Comment 6 for bug 1285380

Revision history for this message
Alex Yurchenko (ayurchen) wrote : Re: [Bug 1285380] Re: Donor in desynced state makes the joiner wait indefinitely

On 2014-02-28 15:58, Ovais Tariq wrote:
> wsrep_sst_donor only had a single hostname specified. So yes that
> should be
> the ONLY node used for SST, but perhaps there should be a timeout of
> some
> sort so that the DBA is notified about SST failure and he can possibly
> bring out the other node from desynced state.

Timeout is possible, however:

1) It is not exactly a failure. Even exactly not a failure. The node was
instructed to use only one donor for SST and hence is patiently waiting
for it to be available. What can be better, aborting?

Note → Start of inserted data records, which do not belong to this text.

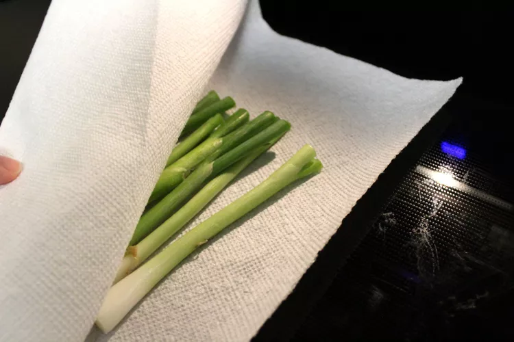 종이 타월을 사용하여 파를 두드려서 과도한 수분을 제거합니다.
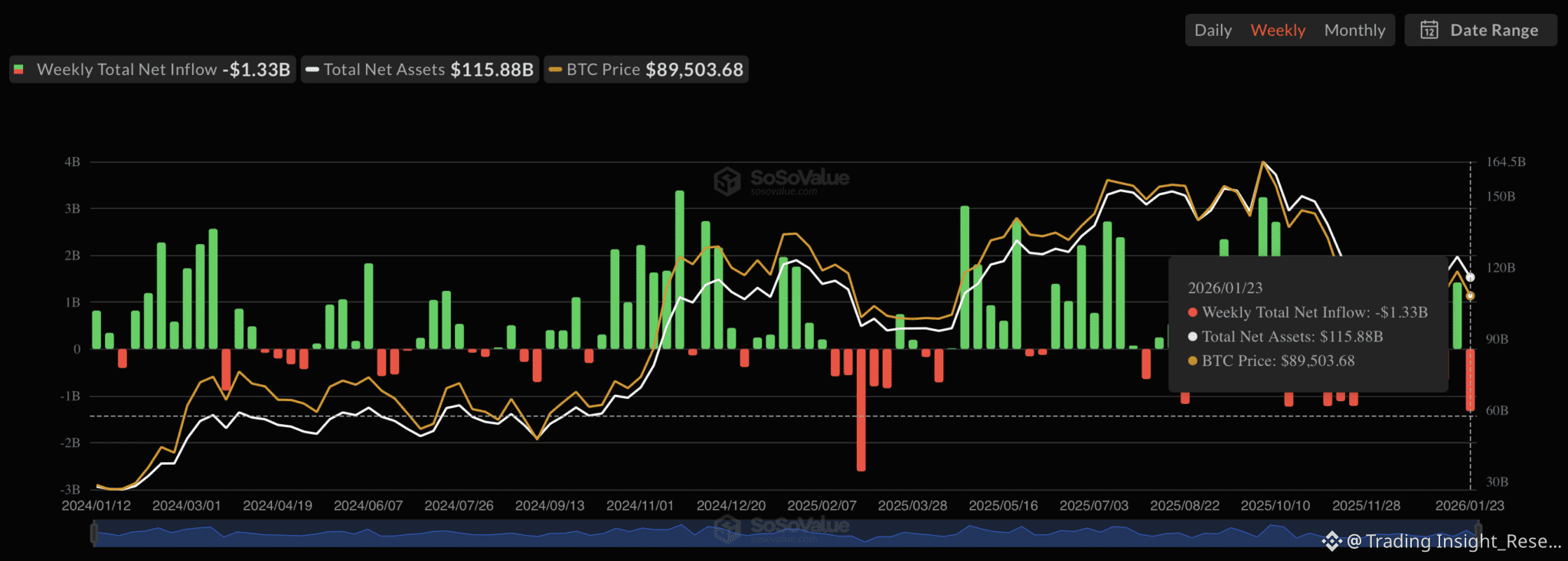 $BTC Chịu thiệt hại nặng nề nhất. Các quỹ ETF chứng kiến hơn 1.33 Tỷ USD bị rút ròng, mức tồi tệ nhất kể từ đợt bán tháo tháng 11.
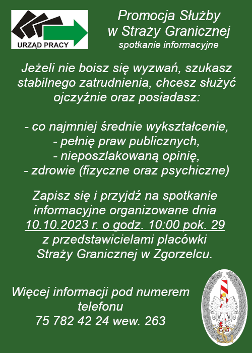 Powiatowy Urząd Pracy w Lwówku Śląskim informuje, iż dnia 10.10.2023 r. o godz. 10:00 pok. 29 odbędzie się spotkanie informacyjne z funkcjonariuszami Placówki Straży Granicznej w Zgorzelcu. Więcej informacji pod numerem telefonu 75 782 42 24 wew. 263
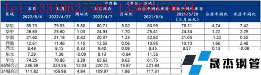 庫存方面:據(jù)統(tǒng)計,建材方面,以螺紋鋼為例,從三大區(qū)域來看,本周華東和南方分別環(huán)比增加8.5萬噸和5.2萬噸,北方環(huán)比減少10.08萬噸;從七大區(qū)域來看,除華北、東北和西北,其余各區(qū)域均有不同程度增加。從城市來看,杭州、南京、南昌、武漢等為主要增庫城市,北京、蘭州、貴陽等為主要降庫城市。其中國內主要城市螺紋鋼、線材總庫存為1096.69萬噸,較上周(2022年4月29日)增加2.18萬噸,增幅為0.20%。同比減少30.10萬噸或減幅為0.20%。
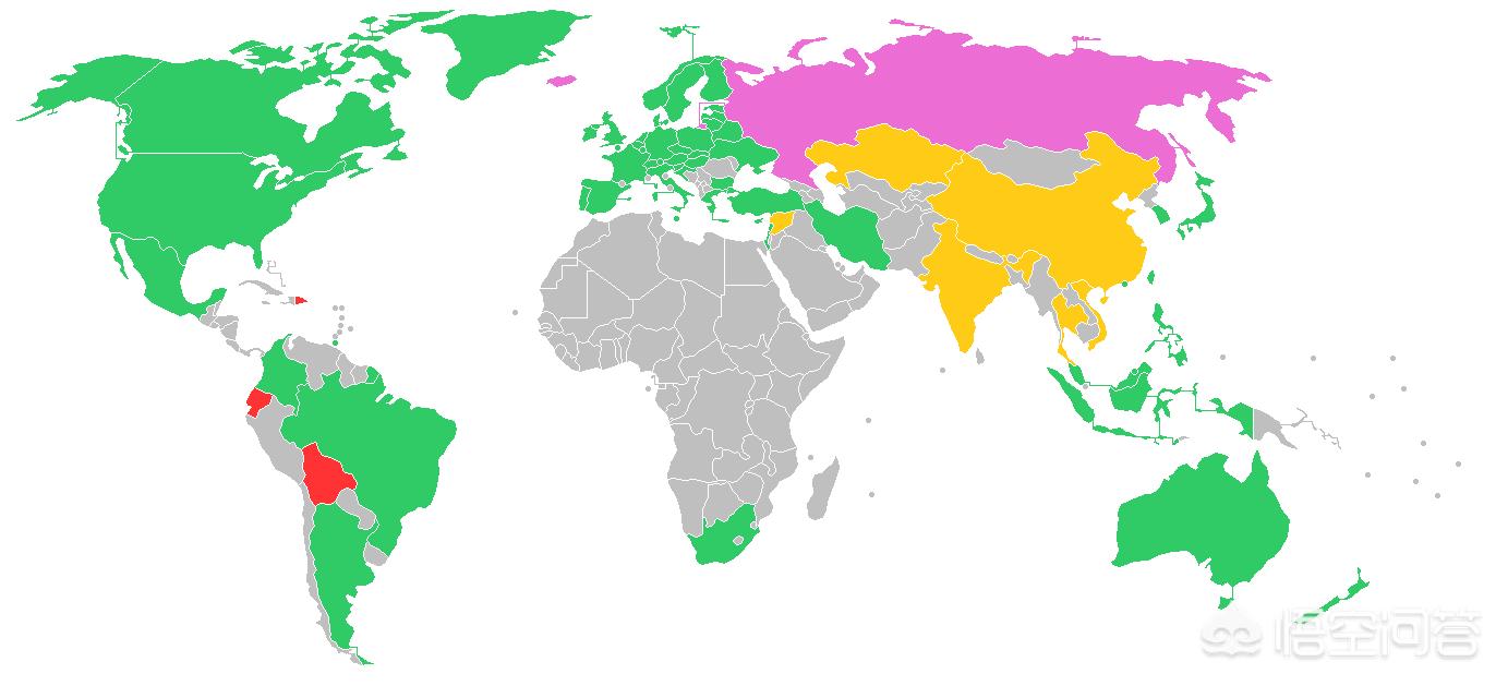 我们可以简单看看世界各个国家对于比特币的态度。除了少数几个国家之外,大部分国家都是承认其价值的。
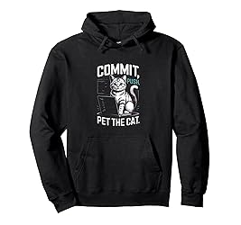 Commit Push Pet The Cat Coding Cat Humor Pullover Hoodie
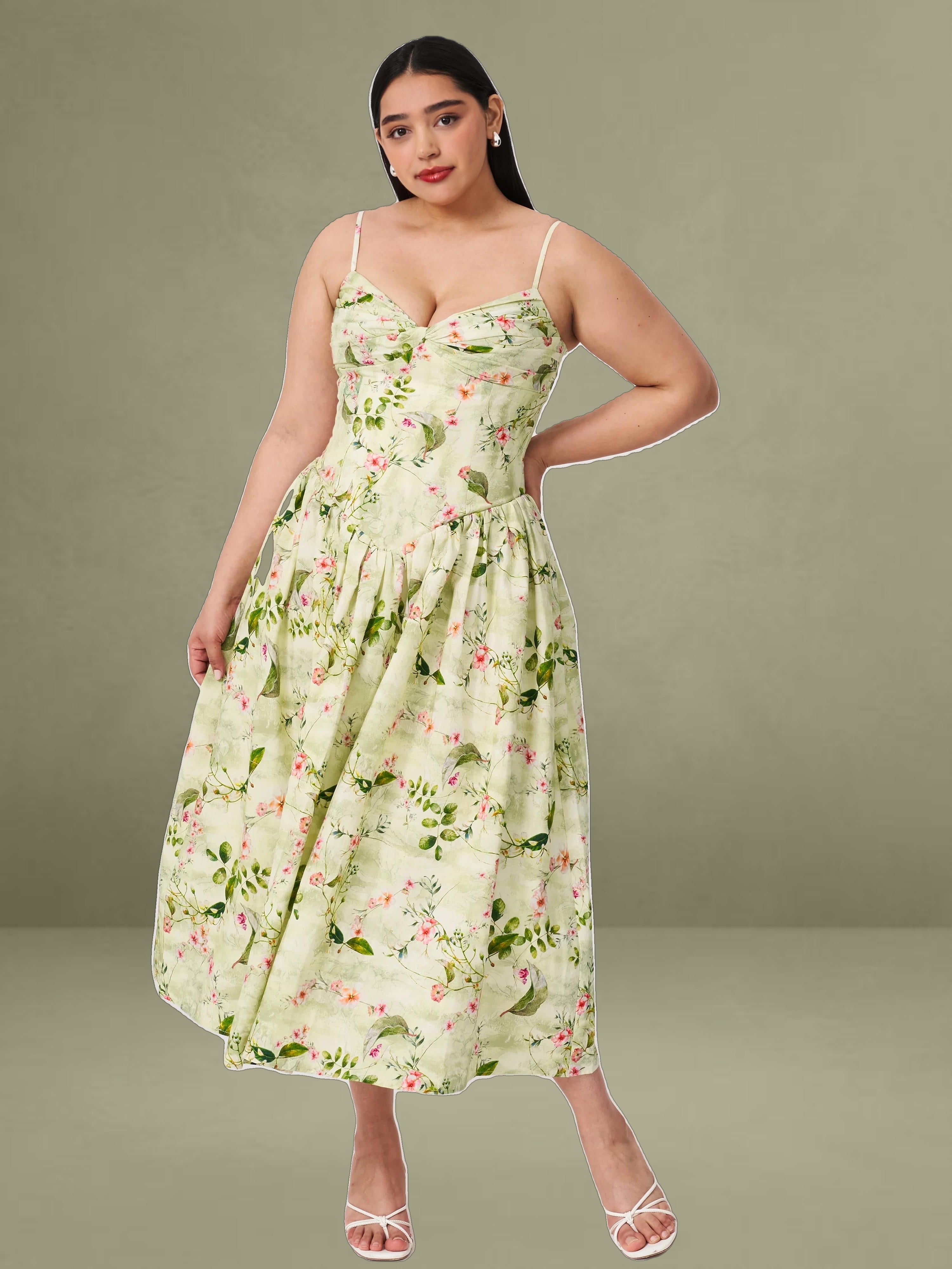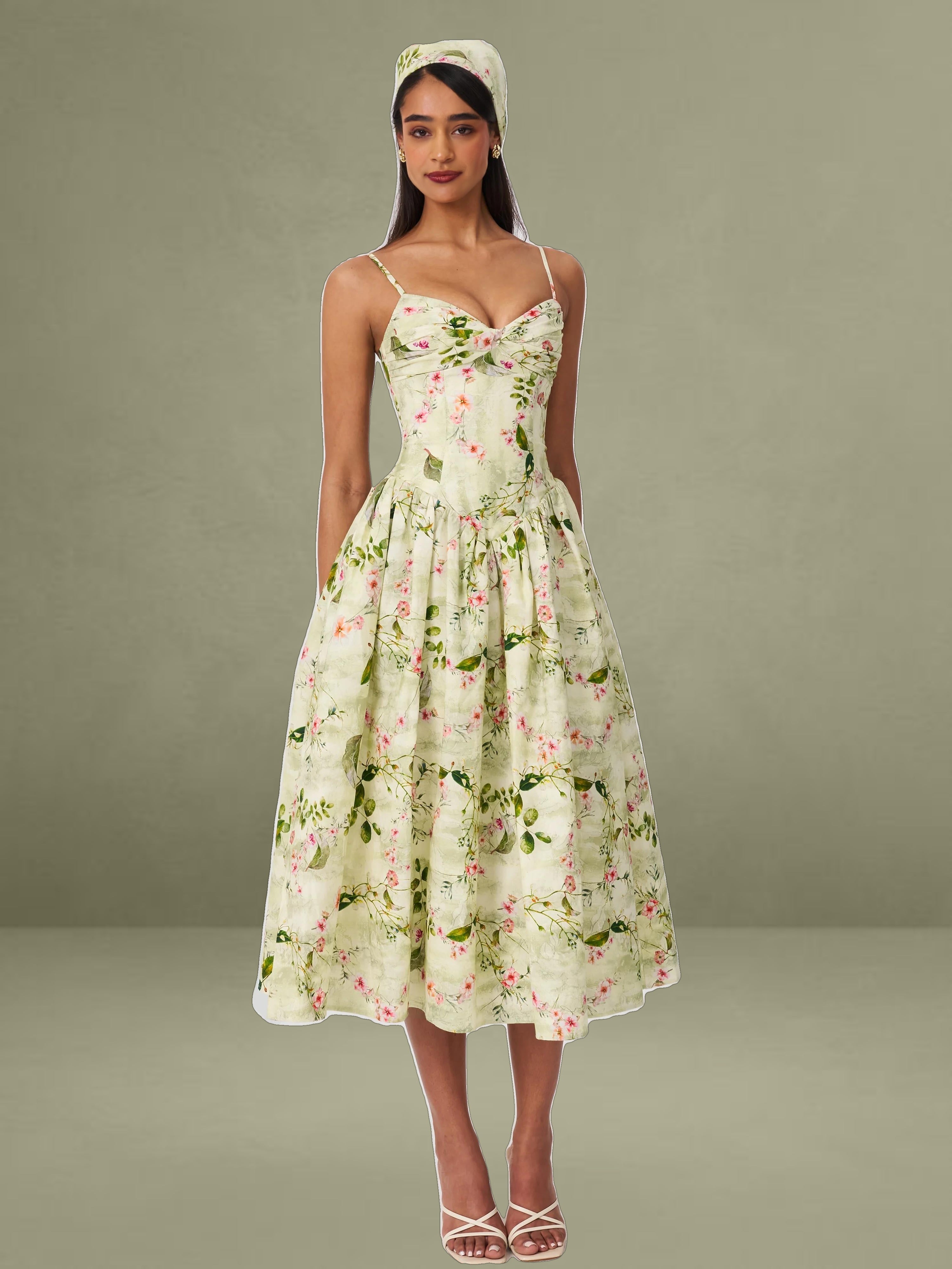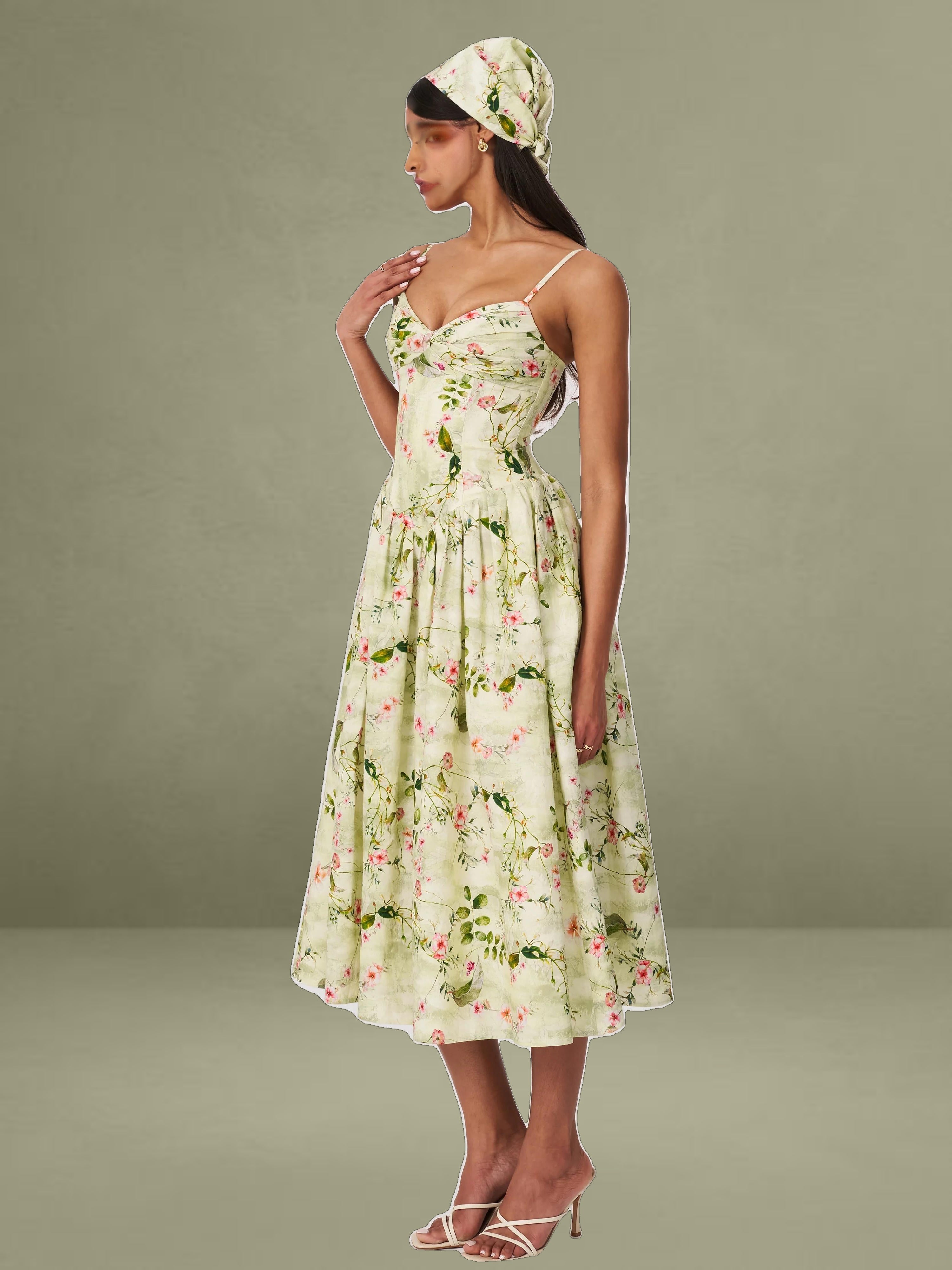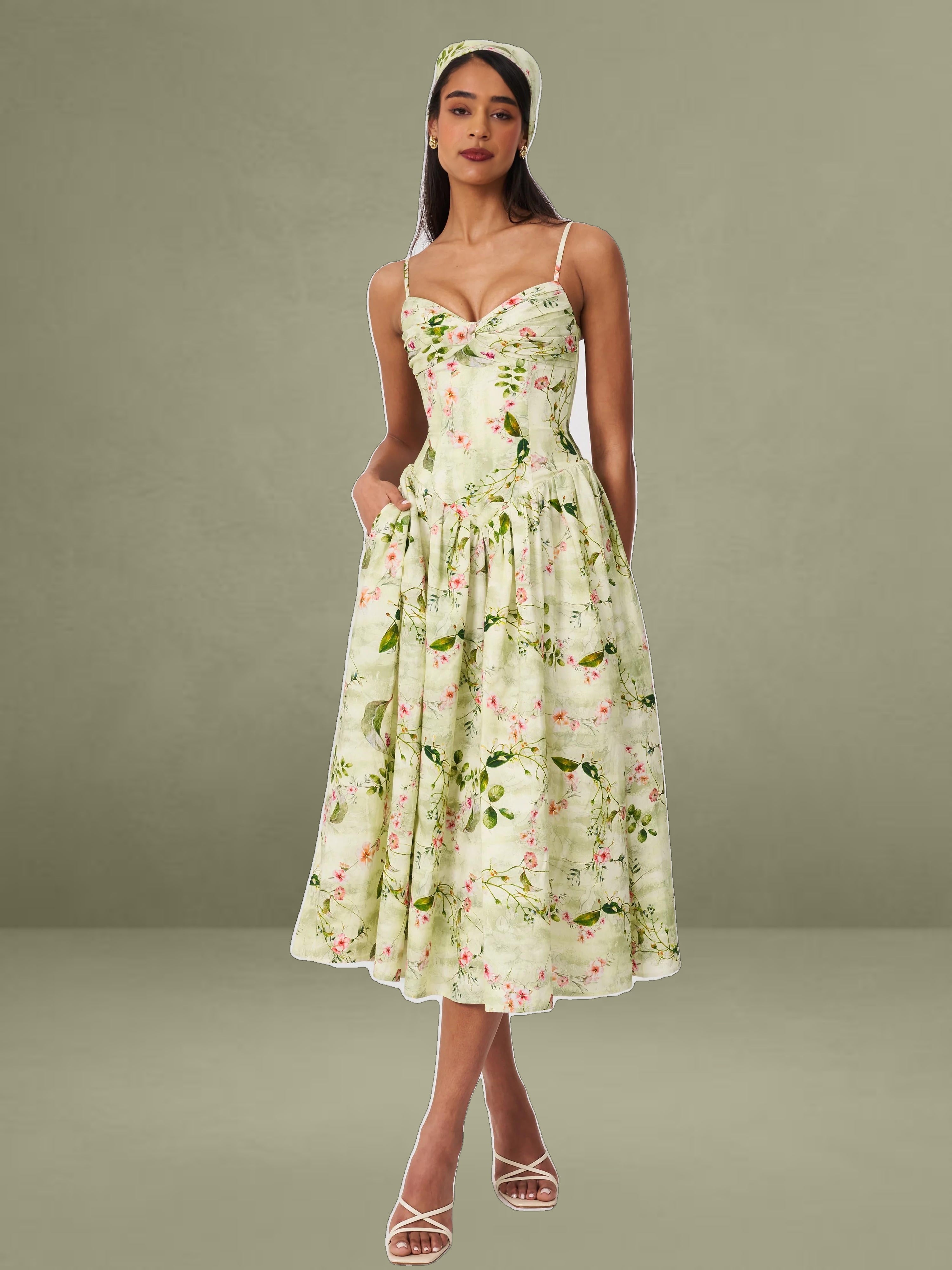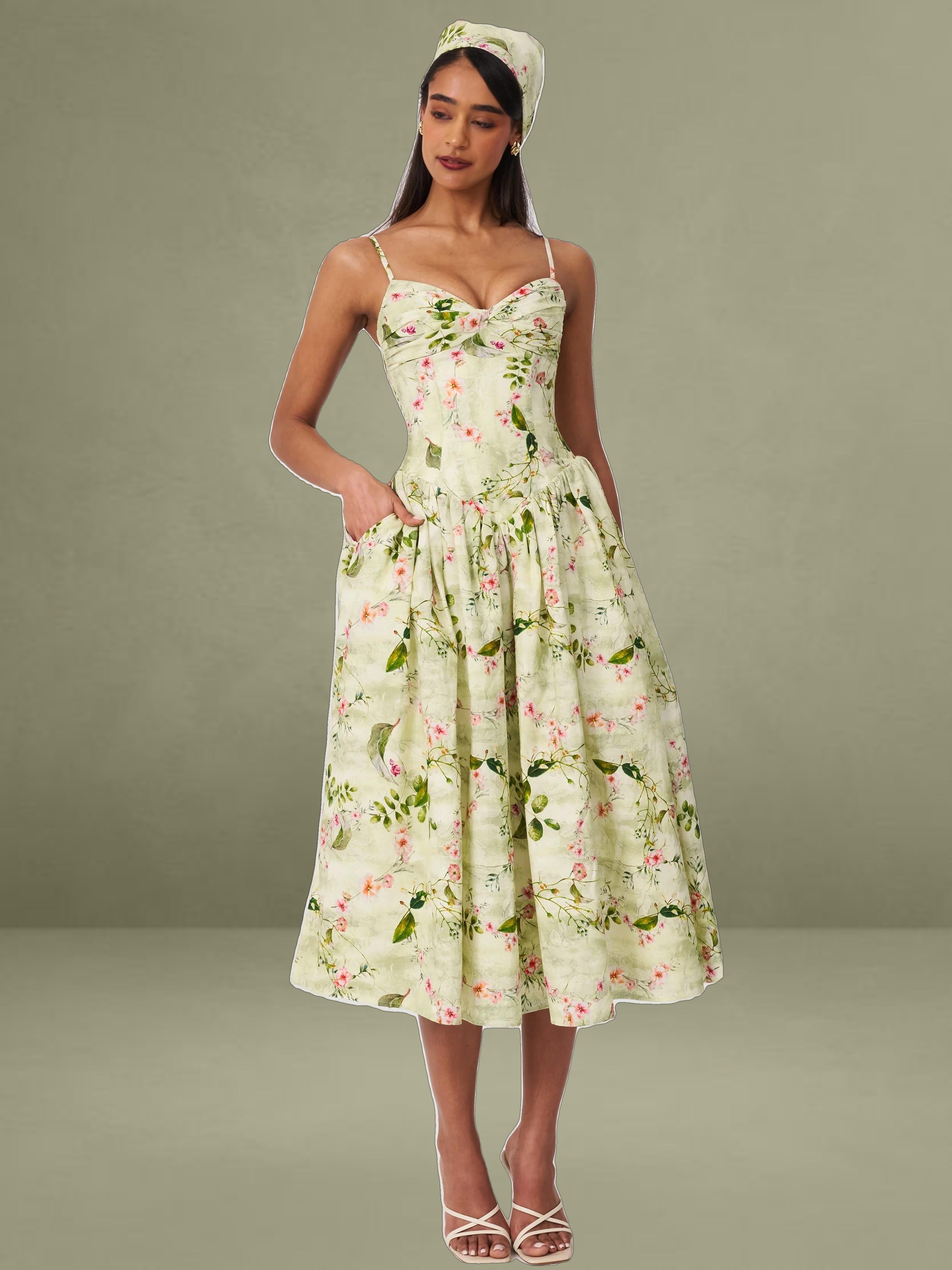 The Jacinda Dress is the perfect blend of springtime charm and effortless elegance, making it an ideal choice for picnics, vacations, holidays, and casual outings. Crafted from breathable linen fabric in a green floral print, this dress embodies a fresh and feminine aesthetic. The ruched front adds delicate texture and enhances the silhouette, while the drop waist design creates a relaxed yet flattering fit. Designed for both style and functionality, it features an invisible zipper and invisible pockets for a seamless look. Fully lined for comfort, the Jacinda Dress is your go-to piece for a breezy and stylish spring wardrobe. Perfectly matches with our Green Floral Print Head Scarf.

2) When a joiner is waiting for the donor to be available, you can see
the following in the error log:
140228 18:54:41 [Note] WSREP: Requesting state transfer failed:
-11(Resource temporarily unavailable). Will keep retrying every 1
second(s)
so it is not exactly silent.

3) Joiner is by definition in undefined state. If it is aborted at that
moment, next time it will request an SST (unless you know what you're
doing).

4) In that particular case, are they willing to decrease availability of
their cluster even more by allowing another node to become an SST donor?

5) Even more, since there is already backup going on, it would be
considerably faster to use that backup (when it's finished) to bootstrap
the joiner rather then do it all over again via SST from another node.